_What to produce:_ Give again, word for word, every line in the entries below from the line with "भोपाल में रात" up to and including the line with "Vaseline Radiant X", and no other line.

─── Records to use

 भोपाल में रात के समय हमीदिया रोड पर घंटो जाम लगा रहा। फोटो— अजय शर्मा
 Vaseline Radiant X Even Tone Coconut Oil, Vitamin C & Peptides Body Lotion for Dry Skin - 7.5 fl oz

──────
─── Records to use

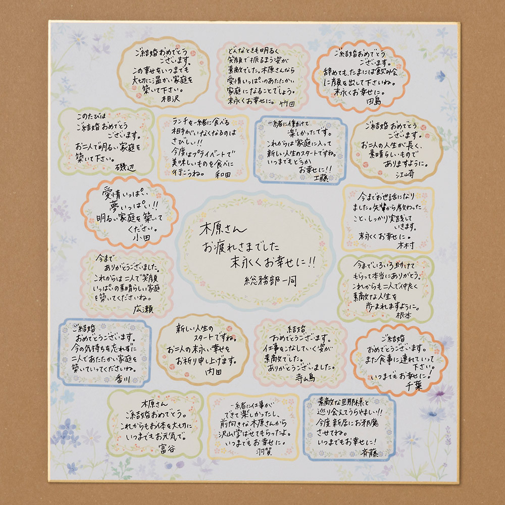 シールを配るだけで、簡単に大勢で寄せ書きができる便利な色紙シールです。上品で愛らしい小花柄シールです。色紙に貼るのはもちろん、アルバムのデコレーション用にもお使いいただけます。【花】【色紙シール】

──────

_Answer space:_
 भोपाल में रात के समय हमीदिया रोड पर घंटो जाम लगा रहा। फोटो— अजय शर्मा
 Vaseline Radiant X Even Tone Coconut Oil, Vitamin C & Peptides Body Lotion for Dry Skin - 7.5 fl oz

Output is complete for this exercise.